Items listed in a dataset
——
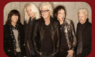
REO Speedwagon Peoria Civic Center September 15
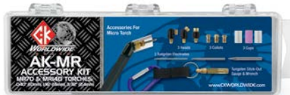
Replacement Parts Accessory Kit on Page 74

Micro Torch Kit (Part # AK-MR) included in torch package
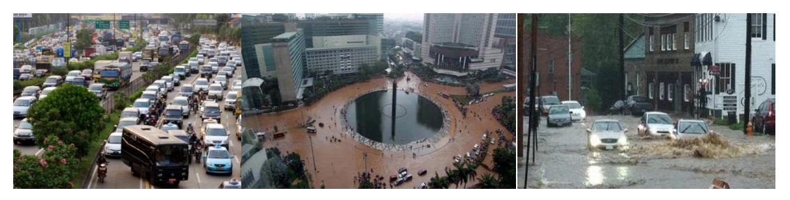
Figure 1. Floodwaters in Central Jakarta in January 2013
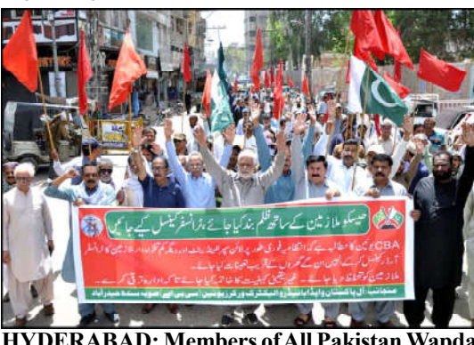
HYDERABAD: Members of All Pakistan Wapda Hydro Electric Workers Union (CBA) Sindh are holding protest rally against transfers in HESCO. near Labour Hall in Hyderabad.
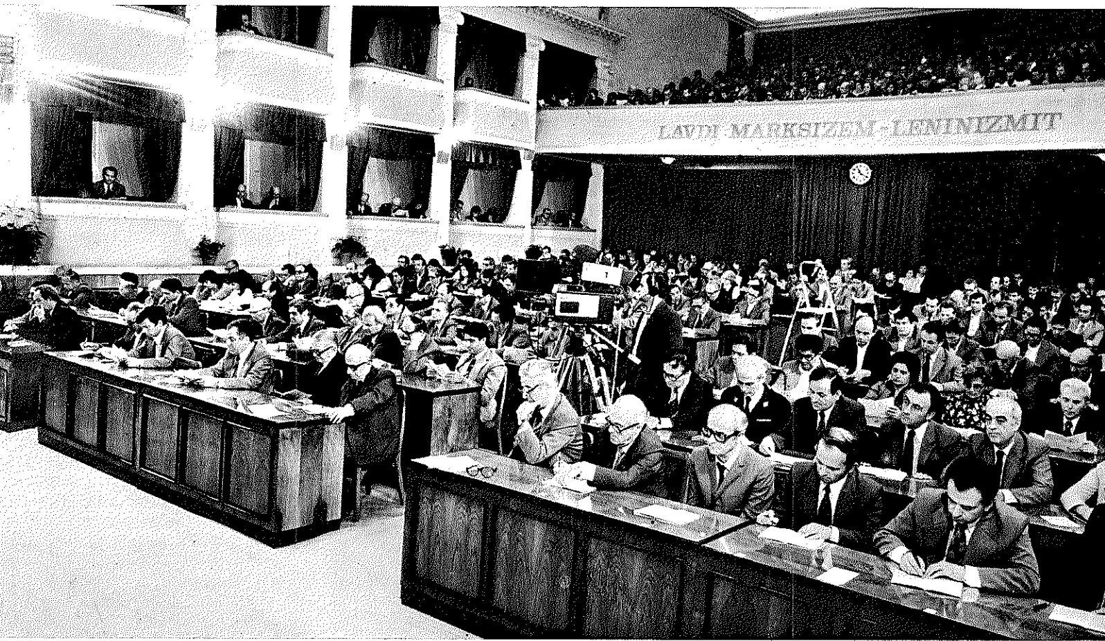
The hall in which the Conference held its proceedings
——
Your assignment: Please, without any pictures, print each entry exactly.

Expected answer:
REO Speedwagon Peoria Civic Center September 15
Replacement Parts Accessory Kit on Page 74

Micro Torch Kit (Part # AK-MR) included in torch package
Figure 1. Floodwaters in Central Jakarta in January 2013
HYDERABAD: Members of All Pakistan Wapda Hydro Electric Workers Union (CBA) Sindh are holding protest rally against transfers in HESCO. near Labour Hall in Hyderabad.
The hall in which the Conference held its proceedings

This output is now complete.